書店の目立つところに置かれた本の一つに、
作家吉村昭さん(2006年死去)の「三陸海岸大津波」
(文春文庫)がある。1970年に発表され、04年に
文庫化されている。

旅した三陸で昔の津波の話を聞いたのがきっかけで、
何度も訪ねて書いた。三陸は明治と昭和に巨大な津波に
襲われている。明治29年のことは古老から話が聞けた。
昭和8年の体験を話す人は数多くいた。

どちらも三陸沖を震源とする大地震に起因する。
明治29年は犠牲者が2万人を超えた。狭く入り組んだ
リアス式海岸の奥に進むにつれてせり上がる津波の到達高度は
40-50メートルに達したという。

「呆(あき)れるほど堅牢(けんろう)」そうに立つコンクリートの
防潮堤を見たとき、吉村さんは最初は大げさすぎると思った。
繰り返し取材で訪ねるうちに別の思いがわく。
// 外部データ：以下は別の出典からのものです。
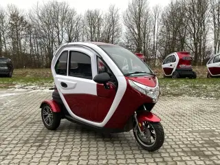 Country II 25 km/t blå FINANSIERING UDEN UDBETALING 6 måneders garanti. Gratis og uforpligtende fremvisning på adressen. Service og reparation på adressen. Brugt luksus kabinescooter med god plads til 2 personer. Kabinescooteren er udstyret med alt det nødvendige tilbehør og står i en flot blå farve. Dette køretøj er perfekt til kørsel året rundt og sidder trygt i ly for vind og vejr. Lindebjerg Country II er bygget med komfort for øje og har meget af den nyeste teknologi, som du kender fra nye biler i dag. Scooteren skal indregistreres som 'lille knallert'. Dette er inkl. i prisen. Kræver ikke kørekort. Max hastighed: 25 km/t Rækkevidde: Op til 60 km (Ved køb af ny batteripakke, + 5.000,-) Max kapacitet: 225 kg Motor: 1200W Første indreg.: 20/12/2021 Har en del skræmmer udvendigt, men virker godt mekanisk. Scooteren står i en af vores afdelinger, men husk, at du altid kan bestille en gratis fremvisning hjemme på adressen. Kontakt vores serviceteam på tlf: 63 15 00 00 og få et godt tilbud der passer lige netop til dig! Kontakt os for fremvisning af denne scooter i dit lokale Lindebjerg showroom. Brugt nr.422650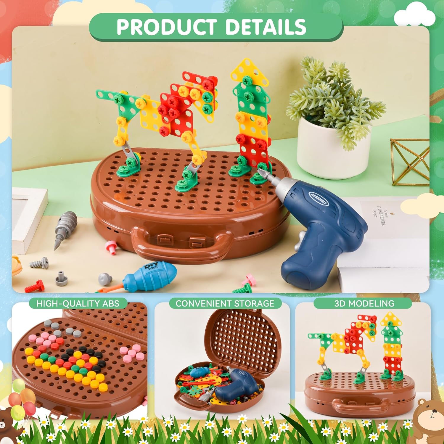Offrez à votre enfant une boîte à outils Montessori magique avec perceuse pour développer sa créativité, sa coordination et son imagination dès 3 ans, grâce à ses 206 pièces colorées et ludiques.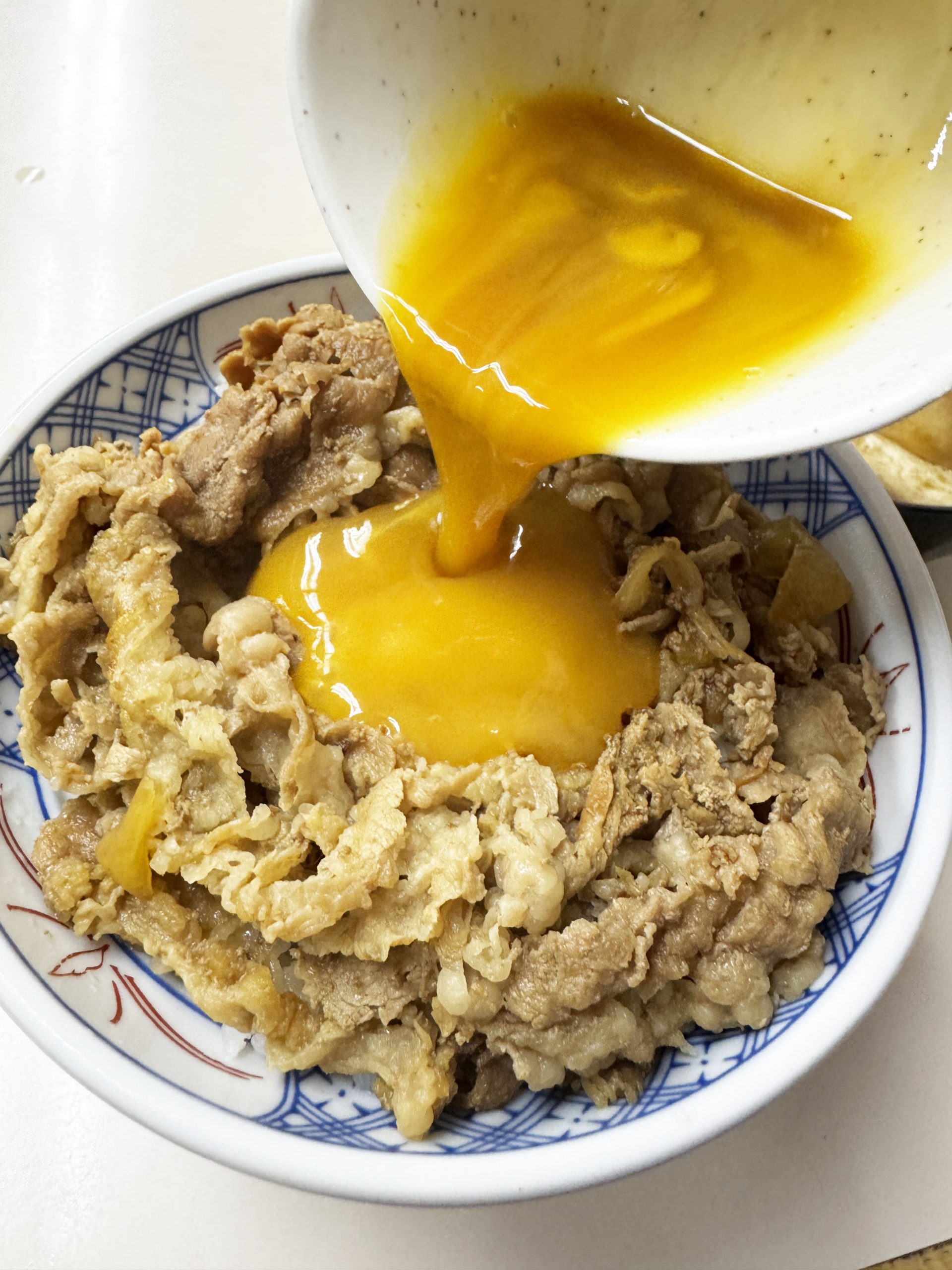そして、中盤から、生卵をかけて食べる。生卵には醤油をやや多めに入れて、牛丼をパワフルでエネルギッシュなテイストにクラスチェンジさせる。サンボの「優しさ」と「ワイルドさ」の双方を楽しめるからだ。ちょっと過剰に塩味強めにしたボヘミアンなテイストも最高。

「海の恐ろしさに
背筋の凍りつく」のを感じるようになった。

昭和8年の史料には小学生の作文集も含まれる。
肉親や友だちらとの死別が胸を打つ。吉村さんは、40代になっていた
かっての少年少女からも取材している。今は80代になっている
その人たちは、平成の大津波をどこでどう体験されたのだろうか。

三陸の歴史は津波との闘いの歴史でもある。闘いを象徴する
各地の防波堤が破壊し尽くされたさまを、泉下で吉村さんは
どう見られただろう。交流を深められた岩手県田野畑村につくられた
「吉村文庫」の蔵書も残念だが、すべて津波にさらわれたそうだ。